En la mañana del 21 de septiembre del 2016, los cubanos que seguimos el béisbol estábamos convencidos de que uno de los mejores pitchers del momento había nacido en nuestra tierra, nos pertenecía, porque los peloteros de la Isla son propiedad nacional, de la gente que los ama, sin importar la camiseta que vistan.
La noche anterior, José “Delfín” Fernández, muchacho atrevido criado en Villa Clara y resurgido en un tenebroso paso por el Estrecho de la Florida, había conquistado por enésima ocasión los montículos de las Mayores, se había robado los reflectores frente a 17 961 fanáticos presentes en el Marlins Park, su coliseo preferido.
Ciento once pitcheos, ocho innings, 12 ponches, la pizarra llena de ceros… Su línea fue perfecta aquel 20 de septiembre, cuando situó a los Nacionales de Washington frente a un rompecabezas que jamás se acercaron a descifrar, una obra de arte dibujada a velocidad endemoniada, como toda su carrera.

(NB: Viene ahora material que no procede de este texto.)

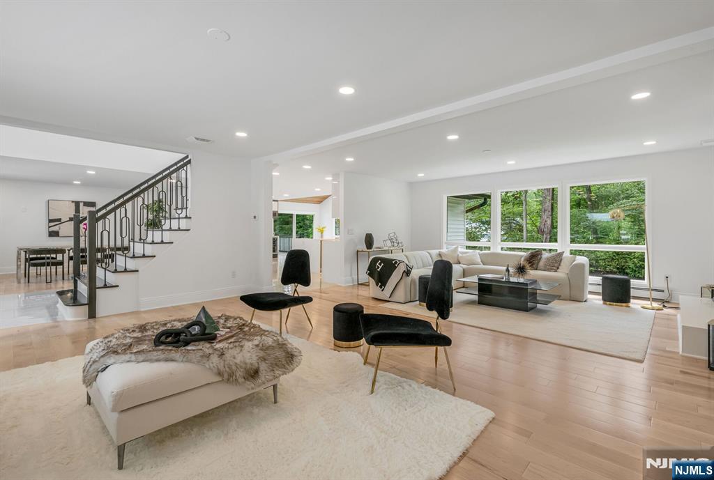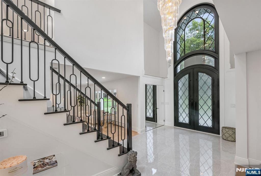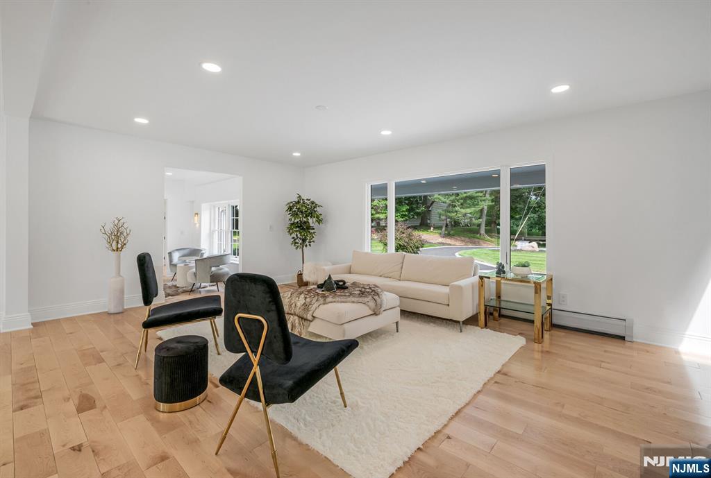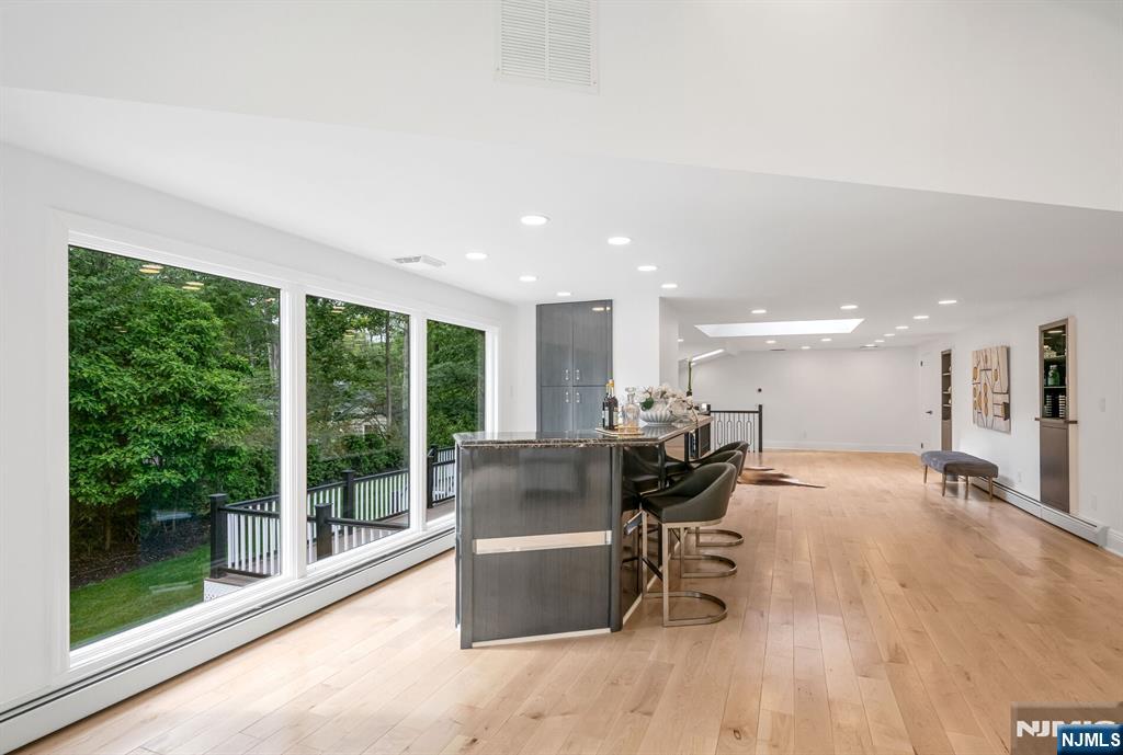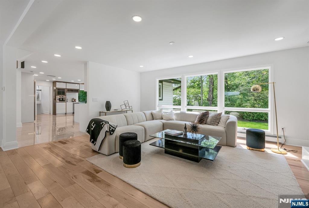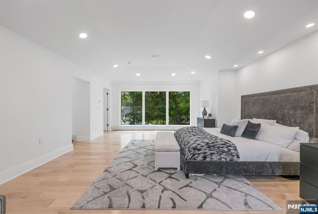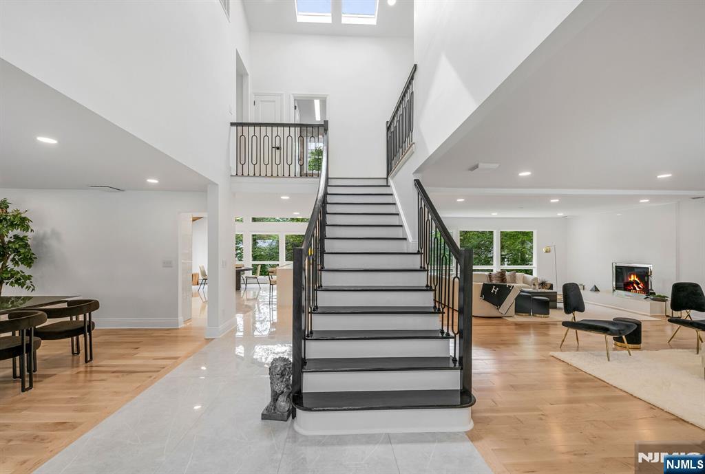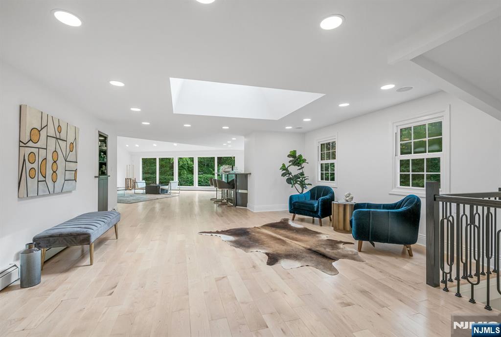 Nestled at the end of a beautiful cul-de-sac, this exquisitely redesigned residence offers the perfect blend of privacy and modern living. A circular driveway with elegant Belgium block pavers welcomes you to this exceptional home, with over 7K sq ft, including finished lower level. Every detail has been thoughtfully curated with the finest details and finishes. A grand two-story foyer with soaring ceilings leads into a breathtaking open-concept layout flooded with natural light. Oversized windows, skylights, and smart lighting enhance the airy, contemporary feel throughout the home. The state-of-the-art kitchen is a chef’s dream, featuring sleek cabinetry, Viking appliances, and a built-in coffee station. Bright breakfast room with custom ceiling. First floor guest suite, sitting area/office. Large dining room, back to front living room and large bonus room with custom bar is one of a kind. Second floor with spa-inspired primary suite with luxurious bath, radiant floors, soaking tub, and dual vanities. Two ensuite bedrooms, two additional bedrooms and hall bath. Lower level offers a large sauna room, gym, rec area and full bath. Outdoors is a serene deck and patio surrounded by privacy trees. Located minutes from top-rated schools, shopping, and NYC. Don’t miss the opportunity to experience luxury living at its finest in one of Bergen County’s most sought-after communities and zip codes!

Aquella joya nos demostró que Fernández, con solo 24 años, era un ser superior; nos quedó la impresión de que no tenía límites, de que en la siguiente salida podía ser, incluso, mejor. Pero no sabíamos que, en realidad, lo estábamos observando por última vez, no sabíamos que por delante de nuestros ojos estaban pasando, de golpe, todos sus strikes.
Su último pitcheo, un trazo perfecto que cayó como un cuchillo a 91 millas por hora, se alejó demasiado rápido del madero de Daniel Murphy, el mejor bateador del año en MLB, quien solo pudo rozar sutilmente la bola para una rolata inofensiva a segunda base.
Con esa conexión, Fernández se alejó también de nosotros, se perdió de manera insospechada, en el mar, su paraíso, al que había desafiado, domado y burlado para llegar a la tierra prometida. Su vida se desvaneció en las profundidades, como su último pitcheo, que cayó abruptamente.
Pero ese no fue tan solo el pitcheo final de José “Delfín” Fernández, no. También fue la firma que dejó a los Marlins en manos de Derek Jeter; fue el boleto de salida de Giancarlo, Ozuna, Yelich y Dee rumbo a parajes lejanos; fue la sentencia de los Marlins de Miami, hundidos en el lodo de la Florida quién sabe por cuánto tiempo.
La pérdida de Fernández, como diría Daniel Murphy, su último rival en un diamante, va mucho más allá del béisbol, nos trasciende a todos, nos deja en stop, fulminados por un tiro de gracia que nos borró la sonrisa y silenció los estadios.
Es cierto que podemos recordarlo por su pleno disfrute de la vida, por su pasión inagotable por el béisbol, pero cuando hablemos de José “Delfín” Fernández siempre nos invadirá una triste frialdad, una eterna sensación de dolor; no importa que hayan pasado dos años, como no importará cuando haya pasado un siglo.